Van Diemen's Land - review
Coming after the recent horror film Dying Breed and the historical telemovie The Last Confession of Alexander Pearce, you might be wondering just how much more there is to discover about people who eat people in the Apple Isle. The short answer is: not much. Based on the same historical events as seen in The Last Confession, the story’s simple: eight convicts escape from their guards in 1820s Tasmania and head inland in the hope of making it to settlements on the east coast. They get lost, discover that Tasmania doesn’t really have much to offer in the way of food, and end up eating each other. A real-life tale of cannibalism sounds like the perfect material for a film, but as anyone who saw the first two films about Tasmanian cannibals already knows, once you get past the diet pretty much all that’s left is a nature walk through some very impressive (and in this case, impressively shot) scenery.
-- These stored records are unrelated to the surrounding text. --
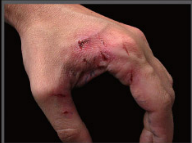
Independent Film Light / Actor got hurt by pen
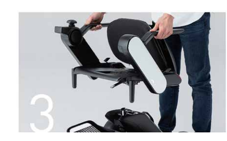
Pull the seat upwards.
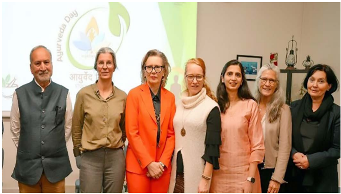
Sources: @IndiainSweden, November 10; Ayurveda Sweden, November 10; ETV_Bharat, November 9

As the WHO Global Centre on Traditional Medicine takes shape, this celebration marks a pivotal moment in recognizing and bridging the gap between conventional and traditional healthcare, fostering openness, respect, and trust. Ayurveda Day stands as a beacon, promoting the integration of 5000-year-old medical practices, paving the way for a more inclusive and comprehensive approach to global healthcare.
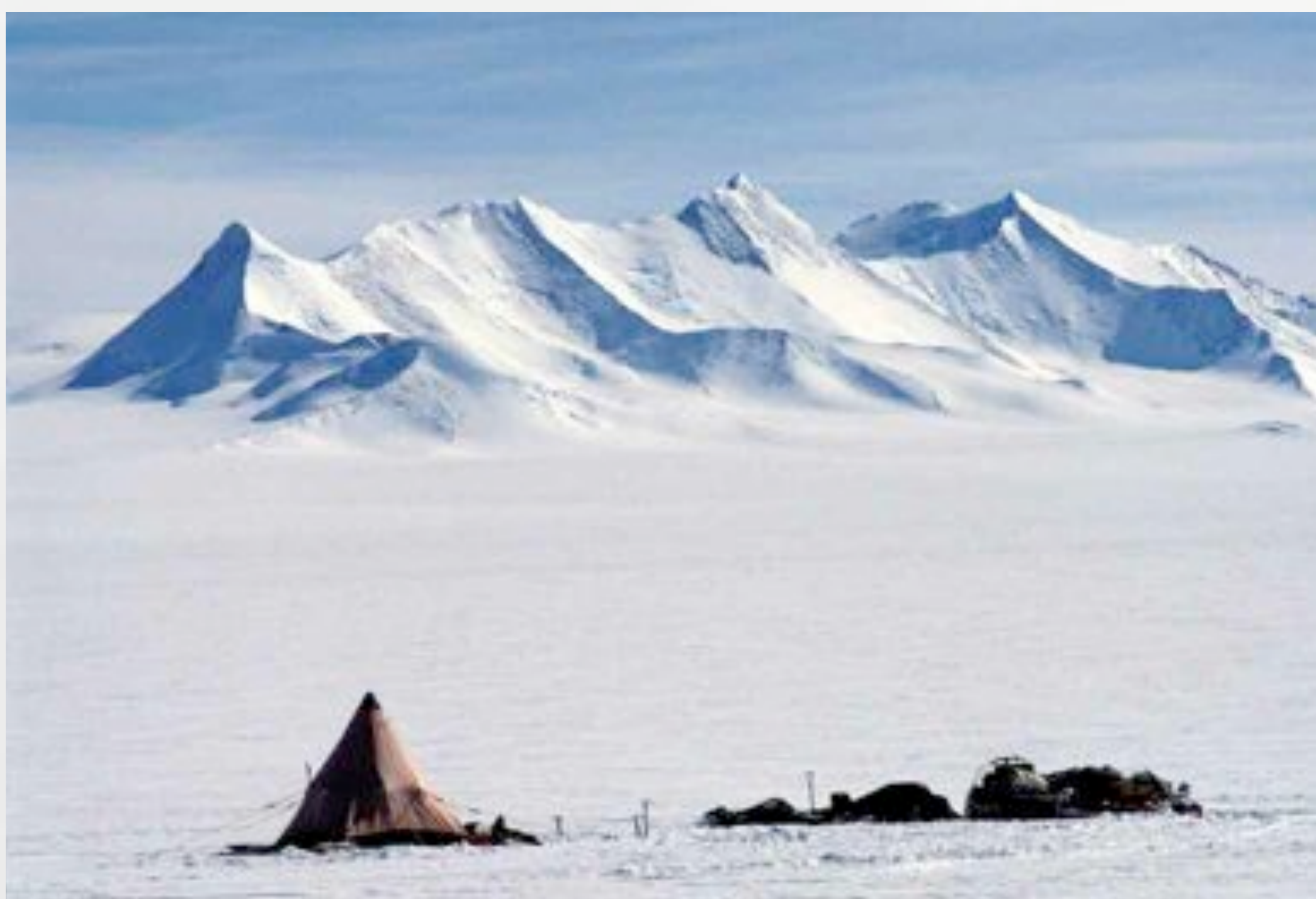
British Antarctic Survey 'Field Camp', c.2000
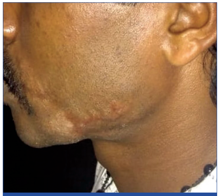
[Table/Fig-14: Shows no evidence of recurrence on follow-up after four years postoperatively.
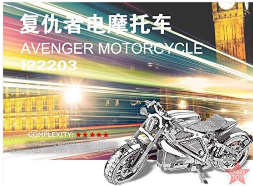
Image: The product packaging for the MoTu Avenger Motorcycle 3D Metal Puzzle Model I22203. This box contains the metal sheets and instructions required for assembly.
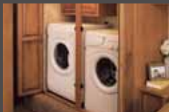
Front load washer/dryer for at home convenience.
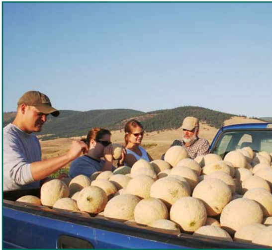
Tailgate marketing.

Tailgate marketing is one of the simplest forms of direct marketing. It involves parking a vehicle loaded with produce on a road or street with the hope that people will stop and purchase the produce. This is commonly used for selling in-season regional produce. This method takes very little investment and can be set up on short notice. Check with your city government first if you plan to set up inside a city. Some cities have regulations governing transient vendors.
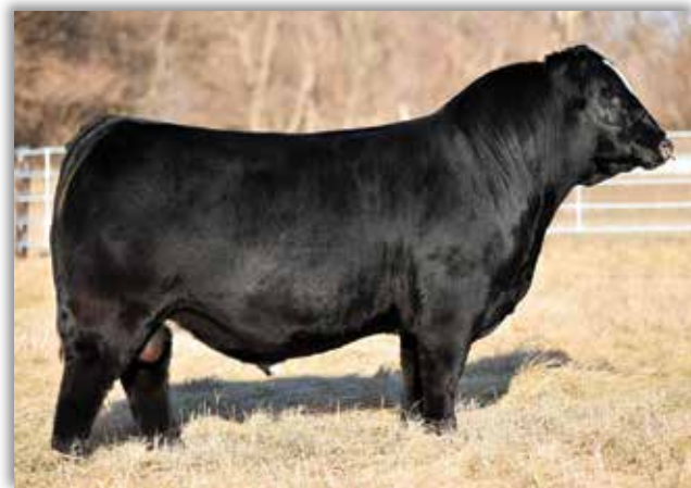
JBSF Berwick 41F – Sire of Lot 21

• DUE TO CALVE 2/12/24 WITH A BULL CALF BY CKCC MR RIGHT TIME 0674H (ASA: 3791593)
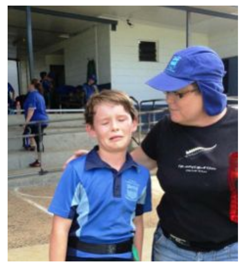
'It's OK, we'll let you win soccer next week'.
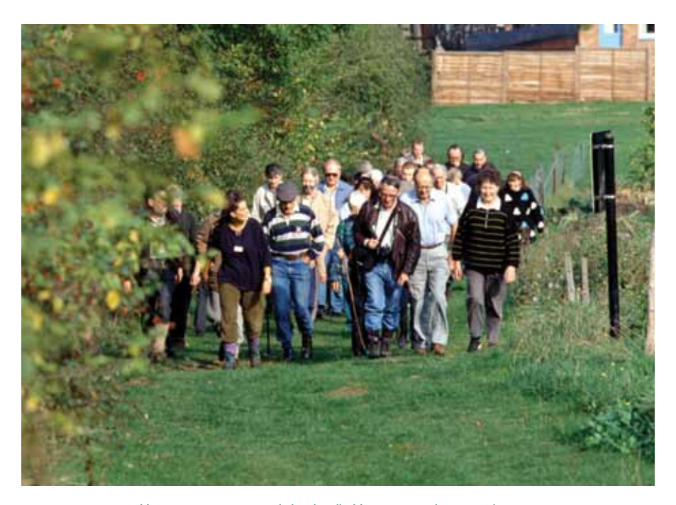
Most visitors to our woods live locally. Having a wood on your doorstep, free to enjoy is one of the great benefits of many of our sites.

Our woods provide attractive settings where visitors can explore and enjoy activities such as walking the dog, taking exercise, having a picnic, enjoying the wildlife, and providing children with opportunities for play. Most visitors to our sites live locally, and want a peaceful, informal and tranquil place to enjoy; we try to ensure that sites reflect this.
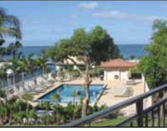
TAMARIND BAY - FOR SALE AND RENT - nice views and sunsets from the fully furnished unit. Gated entrance. Protected canal deepwater dockage, 2 pools, tennis and boat ramp.
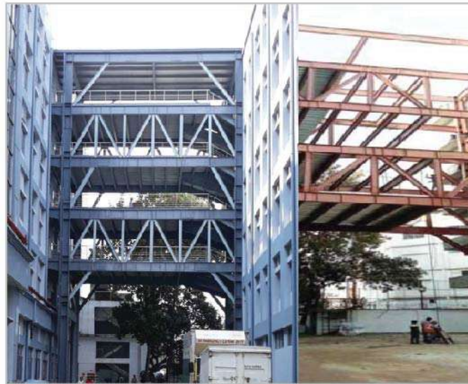
AJ SUPREME CONNECTING BRIDGE
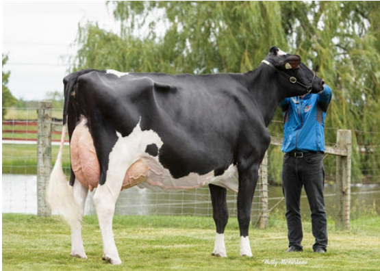
QUALITY SOLOMON LUSTFUL DAM
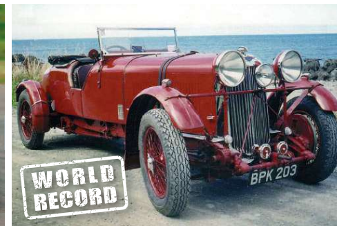
1934 LAGONDA M45 FOX & NICHOLL TEAM CAR [JULY, 2005] Raced by John Cobb and Dudley Benjafield at the Le Mans 24-hours and TT

There’s an attempt to generate a creepy mood through the Gaelic voice-overs provided by Pearce (played by producer Oscar Redding, who co-wrote the script), but while lines like “If you have no scars, the crows will eat your eyes” are certainly ominous, they don’t come from anywhere: we never get much insight into Pearce or what drives him (past hunger) and he remains a cipher throughout the film. To be fair, so does everyone else, and soon beards and tattered clothing make the cast interchangeable in looks as well as personalities.
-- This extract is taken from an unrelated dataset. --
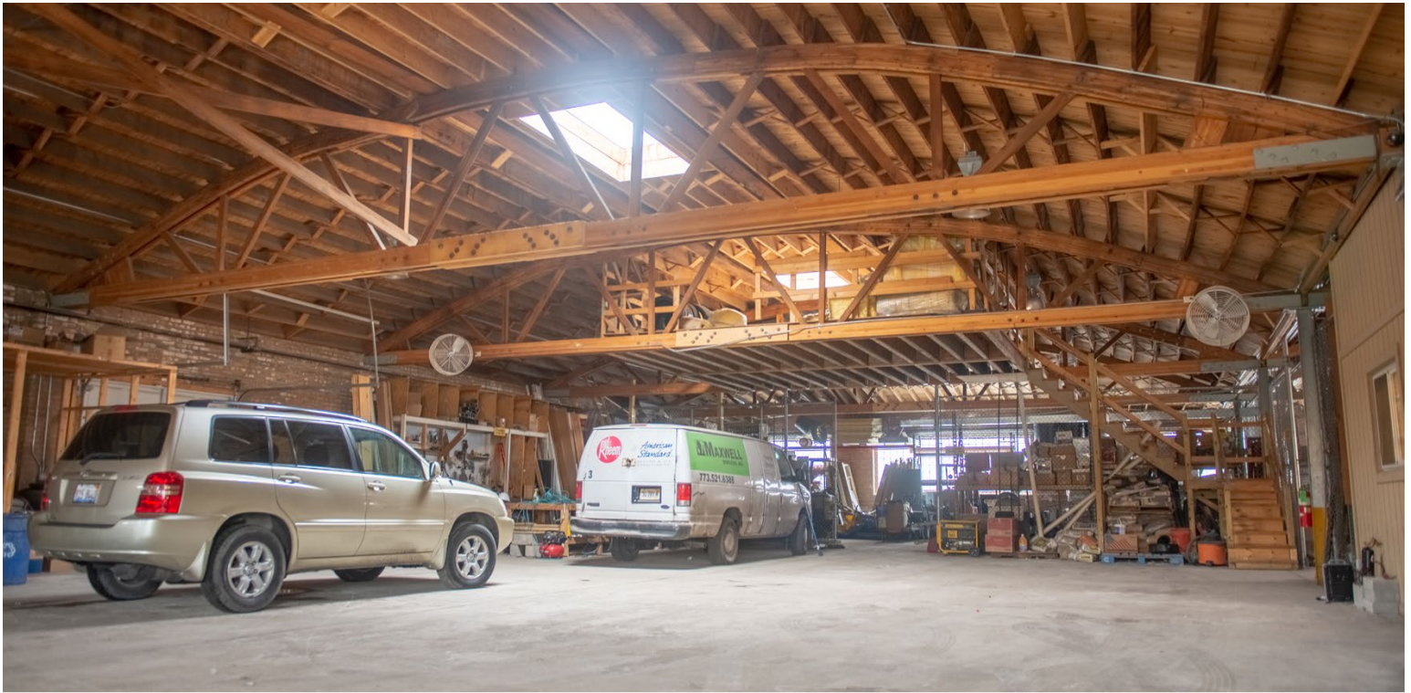
Unit N Warehouse

There are a few interesting elements here, especially the use of Gaelic to divide the English and Irish convicts, but once long pork arrives on the menu at the forty minute mark the next hour becomes a guessing game as to who’ll be eaten next – and with everyone stumbling through the scrub basically being identical it’s difficult to really care.
Van Diemen’s Land does give viewers a very good idea of what it feels like to be trapped in a repetitious environment while slowly being ground down by the hopelessness of their situation – just not quite in the way the film-makers intended.